Pull every locale you currently ship in:

Terminal window
gplay listings list --package com.example.app --output table

Then export each locale’s listing to JSON for the agent to inspect:

Terminal window
mkdir -p ./aso-audit
gplay listings list --package com.example.app \
| jq -r '.[].language' \
| while read LOCALE; do
gplay listings get --package com.example.app --locale $LOCALE \
> "./aso-audit/${LOCALE}.json"
done

Now your agent has a per-locale snapshot. Prompt:

Read every JSON file in ./aso-audit/. For each locale, tell me:

  • Does the current title include any of the top keywords from the research doc?
  • Is the short description using its full 80-character budget?
  • Is the long description repeating any keyword more than 3 times (over-optimization penalty risk)?
  • Rank locales by improvement potential (biggest gap between current and ideal).

You get a per-locale gap analysis in one pass.

For your top-priority locale (usually en-US), prompt:

Rewrite the en-US title, short description, and full description for com.example.app to target the top 5 keywords from research. Constraints: title ≤ 30 chars, short description ≤ 80 chars, full description ≤ 4000 chars.
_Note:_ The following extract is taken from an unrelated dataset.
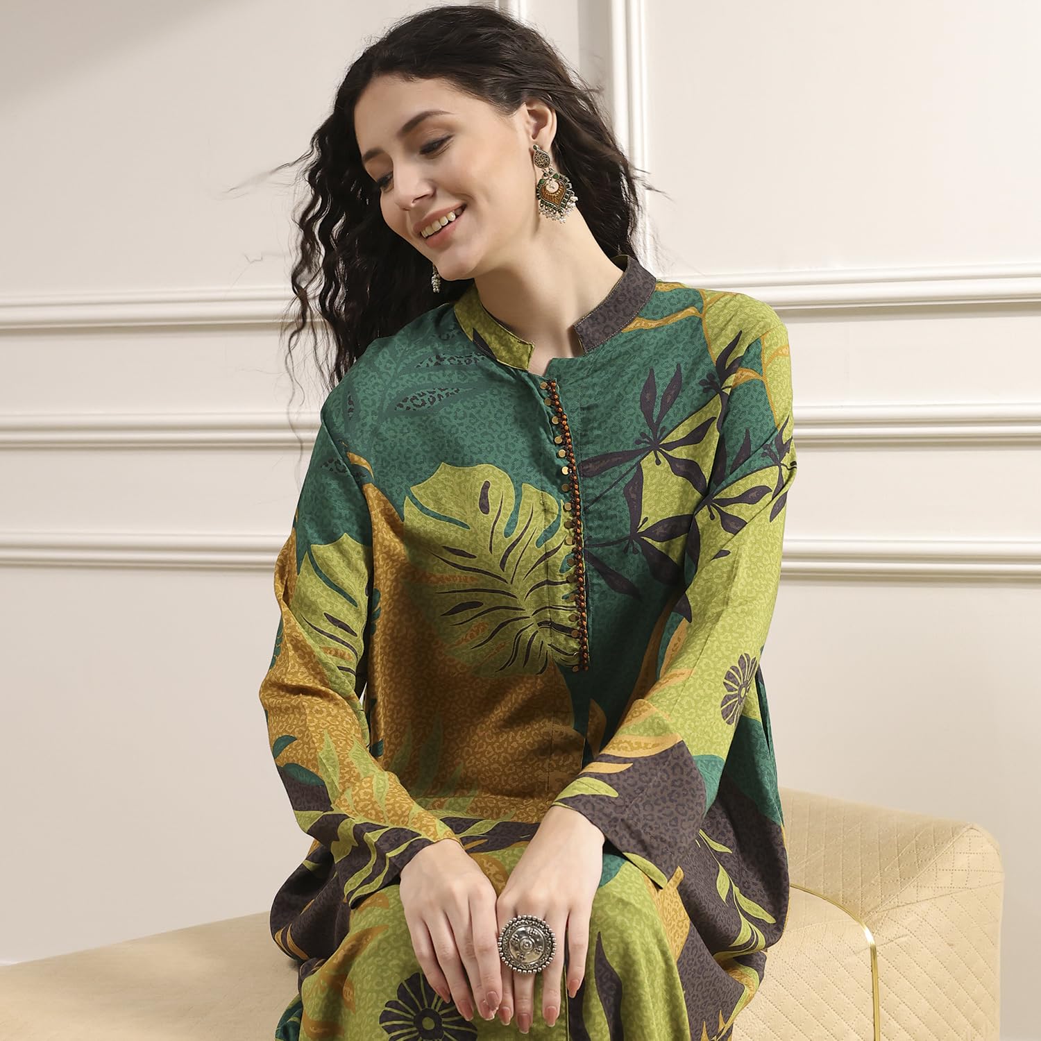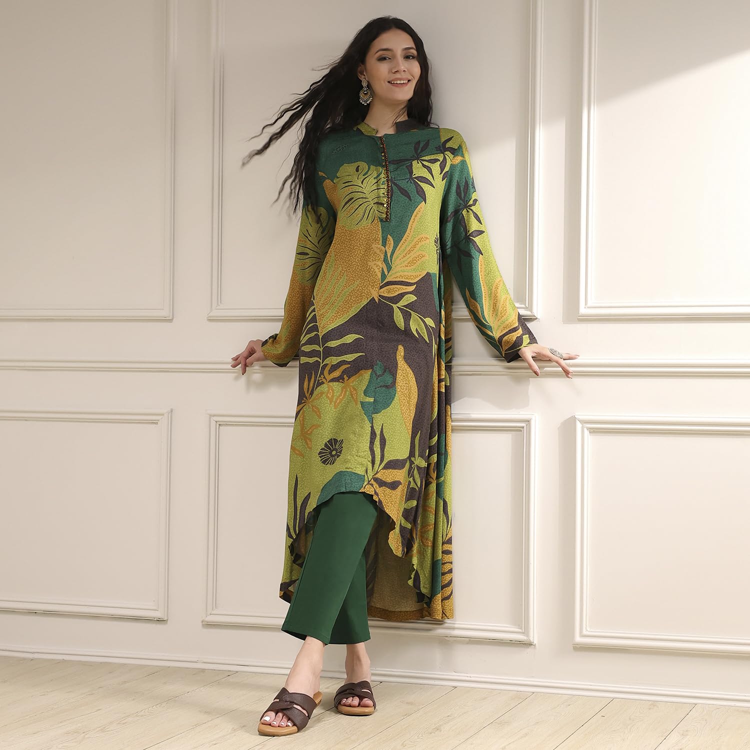 BIBA Women's Rayon Printed Straight Kurta
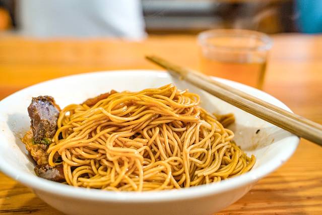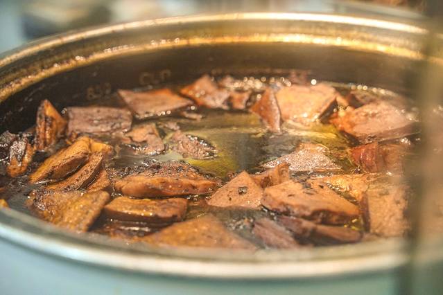 一份羊肉30元,一小碗大概刚好是一个人的食量。红烧的羊肉酱汁浓郁,肉质非常紧实耐嚼,没有什么羊肉的膻味,又放了些许葱姜调味,配上一碗面或者一碗米饭,都是不错的一餐。

Preserve the “gentle, non-nagging” brand voice from the current listing. Return three variants of each.

Pick the variant you like. Then propagate to other locales:

Take the chosen en-US variant and translate it into fr-FR, de-DE, es-ES, es-419, pt-BR, ja-JP, ko, zh-CN, zh-TW, and ar. Preserve keyword semantic intent — don’t just literally translate the keywords, use whatever people search for in that language. Note per-locale where the keyword substitution changes character count materially.
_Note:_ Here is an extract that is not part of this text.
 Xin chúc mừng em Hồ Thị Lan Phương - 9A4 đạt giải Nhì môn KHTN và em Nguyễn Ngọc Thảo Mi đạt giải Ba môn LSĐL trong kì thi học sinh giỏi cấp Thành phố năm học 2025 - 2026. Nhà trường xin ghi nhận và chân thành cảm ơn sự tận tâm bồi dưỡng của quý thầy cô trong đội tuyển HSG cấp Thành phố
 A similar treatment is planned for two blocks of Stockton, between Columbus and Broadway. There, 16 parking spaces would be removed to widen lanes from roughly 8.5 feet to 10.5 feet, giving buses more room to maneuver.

Write results to metadata/<locale>/.

Preview what will be sent to Play:

Terminal window
gplay listings push \
--package com.example.app \
--listings-dir ./metadata \
--dry-run

Diff against production to double-check:

Terminal window
# Save current state
gplay listings list --package com.example.app \
| jq -r '.[].language' \
| while read L; do
gplay listings get --package com.example.app --locale $L \
> "./aso-audit/before-${L}.json"
done
# Compare against your metadata/ files with jq or diff

Ship inside an edit session so everything commits atomically:

Terminal window
gplay listings push \
--package com.example.app \
--listings-dir ./metadata

If anything fails mid-way, gplay discards the edit — the Play Console goes back to exactly its previous state, no partial half-updated locales.
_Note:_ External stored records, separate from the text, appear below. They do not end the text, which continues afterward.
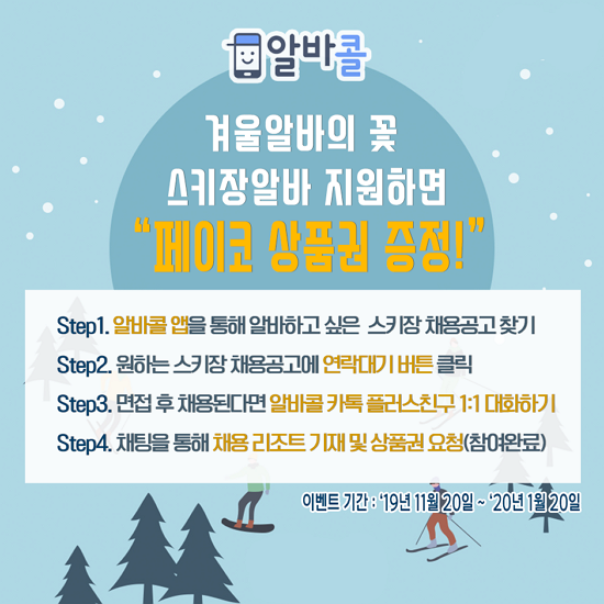 Âü¿©¹æ¹ýÀº °£´ÜÇÏ´Ù. À̺¥Æ® ±â°£ ³» ¾Ë¹ÙÄÝ ¾ÛÀ» ÅëÇØ ½ºÅ°Àå ¾Æ¸£¹ÙÀÌÆ®¸¦ °Ë»ö, ¿øÇÏ´Â °ø°í ³» ¡®¿¬¶ô´ë±â¡¯ ¹öưÀ» Ŭ¸¯ÇÏ¿© ¸éÁ¢¿¡ Áö¿øÇÏ¸é µÇ´Â °Í. ÀÌÈÄ Ã¤¿ëÀÌ ¿Ï·áµÇ¸é ¾Ë¹ÙÄÝ Ç÷¯½ºÄ£±¸¸¦ ÅëÇØ ä¿ë ¸®Á¶Æ® »óÈ£¿Í ÇÔ²² ÆäÀÌÄÚ »óǰ±Ç ¿äûÀ» ÇÏ¸é µÈ´Ù. À̺¥Æ® ±â°£Àº ´ÙÀ½ ´Þ 20ÀϱîÁö, ¸ðµç Âü¿©ÀÚ¿¡°Ô ÆäÀÌÄÚ ¸¸¿ø »óǰ±ÇÀ» 100% ¹ß¼ÛÇÑ´Ù.
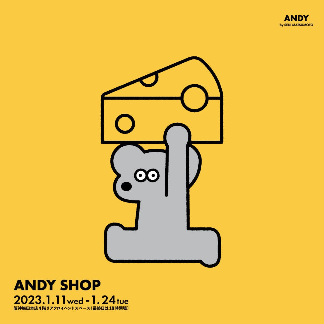 阪神梅田本店4階リアクロイベントスペースでは、2023年1月11日(水)→1月24日(火)まで、アーティスト・松本セイジが描く“ねずみのANDY”の期間限定ショップ「ANDY SHOP」を開催いたします。丸い目のおどけた表情がチャームポイントのANDYのキッチン用品や文房具など、多数のアイテムが並びます。さらに、阪神梅田本店先行販売アイテムも登場。シンプルなデザインながらもキュートなANDYの世界観をお楽しみください。
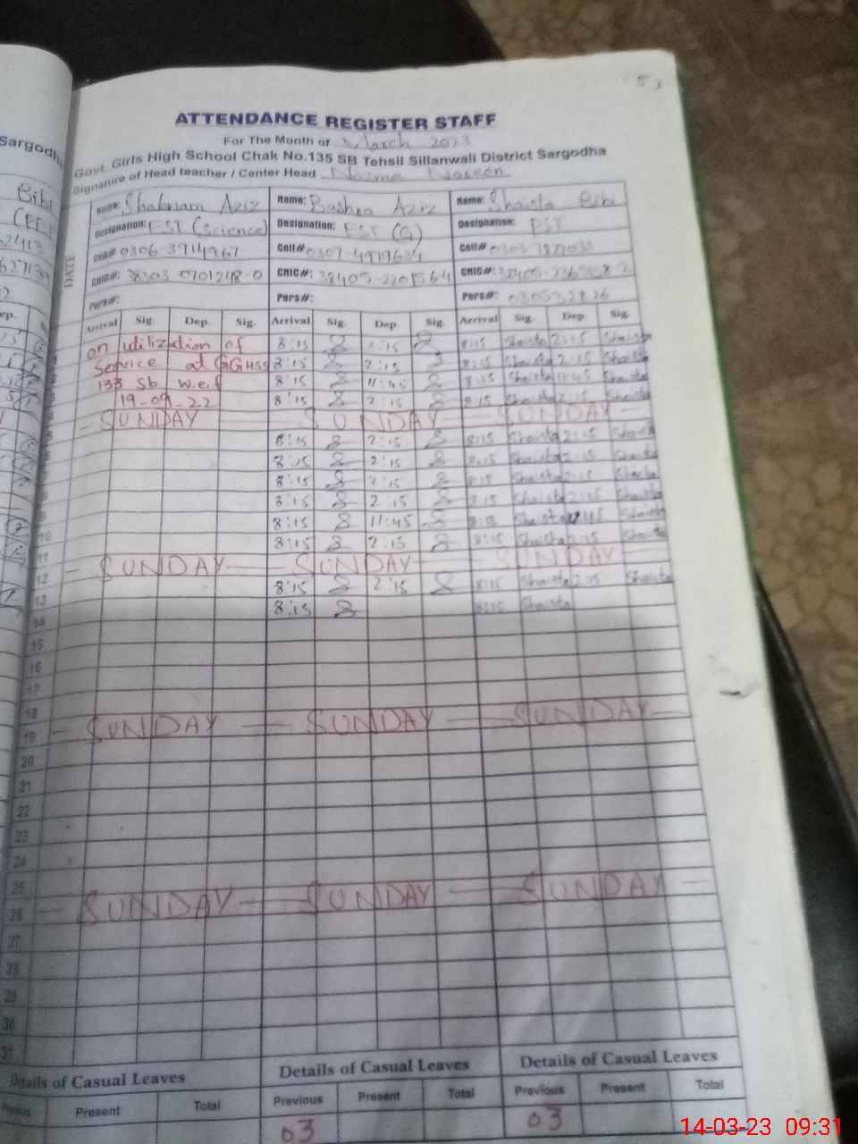 | Remarks (Use Separate Page if Required): EST shabnam Aziz posted in this school but her name is not in tablet She is permaming her duty in GGHSS chak no 133sb still 19 09 2022 | |||||

Google doesn’t expose keyword-rank APIs, so the honest answer is: install rankings tracking (App Radar, AppTweak, Sensor Tower) and correlate the rank change to your ship date. gplay can’t do this piece.

What gplay can do is monitor install/impression trends via gplay reports statistics:

Terminal window
# Install statistics report
gplay reports statistics list --package com.example.app
gplay reports statistics download \
--package com.example.app \
--report-type INSTALLS \
--year 2026 --month 7 \
--output ./reports/

Compare month-over-month against your ship date. Not as precise as a rank tracker but free and useful.

The full end-to-end workflow, as a single prompt

Section titled “The full end-to-end workflow, as a single prompt”

Once you’ve done this cycle once by hand, you can compress it. In Claude Code:

Run a Google Play ASO audit for com.example.app:

  1. Pull every current listing to ./aso-audit/.
  2. Web-research the top 20 keywords the top 5 habit-tracking apps target on Play (Streaks, Habitica, Way of Life, Loop, Done).
  3. Rank my locales by improvement potential.
  4. For the top 3 locales, draft 3 title/short/long description variants each.
  5. Wait for me to pick the winners.
  6. Translate winners to the remaining locales.
  7. Dry-run gplay listings push and show me the payload.
  8. Wait for my approval, then push.

Use the metadata-sync skill from tamtom/gplay-cli-skills for the file layout.

An afternoon’s worth of clickwork becomes a review session.

Terminal window
brew install tamtom/tap/gplay
gplay setup --auto
npx skills add tamtom/gplay-cli-skills

Full listings reference at /reference/listings/. For deeper locale handling see Managing 80+ Google Play locales from the terminal.

The ASO cycle is where CLIs and AI agents together outperform every other workflow — the tedious parts (audit, translate, push) are exactly the parts machines do best, and the judgment parts (brand voice, keyword tradeoffs) stay with you.